Third, over thirty years, the interest savings is $25,640, so even if we stayed thirty years and never made catch-up payments, we’d still save $1,400 in interest.

Why Not Pay Costs?
Both times we could have paid the closing costs to get the rate down another 1/8 of a point. We opted not to because the additional savings weren’t significant enough to save us a big chunk of change. We’d rather keep that money in our pockets, thank you!

Why Not Wait?
We could have waited a little longer to see if rates fell further, but I also need to buy a new car. It looks like I’ll be buying it in the next two weeks. I wanted that refi done before I started applying for car loans.

So now you know my story. Tomorrow I’ll tell you how to get a free refi of your own.

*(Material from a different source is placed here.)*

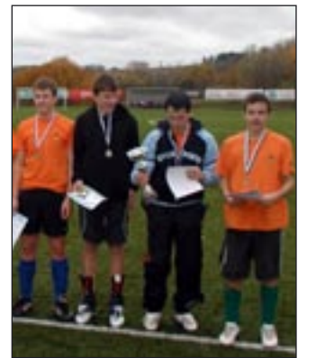
Osula põhikooli jalgpallivõistkond saavutas rahvaliiga meistrivõistlustel teise koha.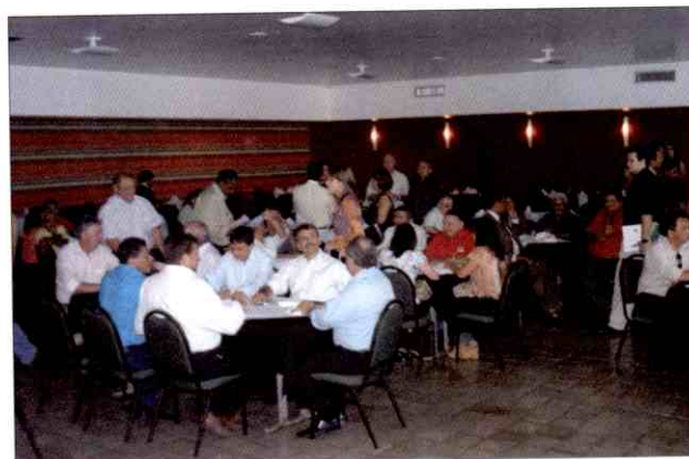
Lojistas e autoridades reunidos

So, my vacation happened to coincide with the one-year anniversary of buying my house. It’s been quite a year. Here’s a quick review of my first year:

Boxes Moved: 80
Rooms painted: 9
Rooms left to plant: 1
Ceilings painted: 2
Ceilings I will paint in the future: 0
Thanksgivings Hosted: 1 (my first)
Refinances: 2
Husband’s surgeries: 2
Employer reorganizations: 1
Pieces of furniture bought: 17
Pieces of furniture left to buy: 10
Rugs bought: 0
Rugs left to buy: 6
Lemons picked from my tree: I lost count, but let’s conservatively say 200
Tomato plants planted 3
Tomato plants producing fruit: 2
Tomato plants suffering misfortune: 1
Tomatoes harvested: 15
Compost bins started: 1
Contractors to visit my house (including estimates): 33
Expensive plumbing repairs: 2
Warranty claims: 7
Warranty claims that resolved a problem: 2
Fires burned in either of my two fireplaces: 0
Lessons Learned: 1,000,005

I’ve posted several of my adventures in homeownership along the way, but here are a few of the more important lessons I’ve learned:

Schedule three repair estimates. Only two will show up.

The things that seem vital can usually be put off, and the things that seem like they can be put off will probably irritate you so much that you do them sooner.

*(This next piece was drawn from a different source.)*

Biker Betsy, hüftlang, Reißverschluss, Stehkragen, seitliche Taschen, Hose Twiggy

Everything is expensive, especially when it comes to plumbing.

Painting a ceiling is really, really hard. Especially when you get the wrong kind of paint. Do yourself a favor and hire a pro.

If your mom informs you that you’re hosting your first Thanksgiving and you don’t have a dining room table, a six-person patio table will do. Just put baby mittens on the legs so they don’t scratch the floor.

Do not hire Mike Diamond. For anything. Ever. Not even an estimate.

We have a few projects pending on our house and we’re debating whether to DIY them or hire them out. Sometimes, it comes down to cost, and sometimes it comes down to effort. Where do you draw the line?

As I’ve mentioned before, I have access to cheap fabric. When we moved into our house, I calculated the cost of making or buying curtains for a very large entrance/window where blinds or other coverings simply won’t work. I did some research and determined that buying curtains would cost over $1000. I could get fabric at $8-10 a yard and make them myself, which would bring the cost closer to $330, including lining and supplies. I decided to make the curtains myself. I’ll keep them simple – just cut and sew straight seams and use clip-on rings. It will take me a couple weekends to make the curtains, but it’s worth it to save $670, at least.

I also bought some gorgeous sheer fabric for another room. This fabric was about the same cost as ready-made panels, but it was gorgeous, so in the end this one is a break-even.

Backyard Steps
We have a hill in our backyard that has three steps at the bottom and one step at the top. In between, there are no steps. From the view, it’s pretty clear that there were steps at one point and they were ripped out. It’s possible the old brick steps had crumbled, but it’s not clear why they weren’t replaced. Especially since our primary storage – the shed – is at the top of that hill.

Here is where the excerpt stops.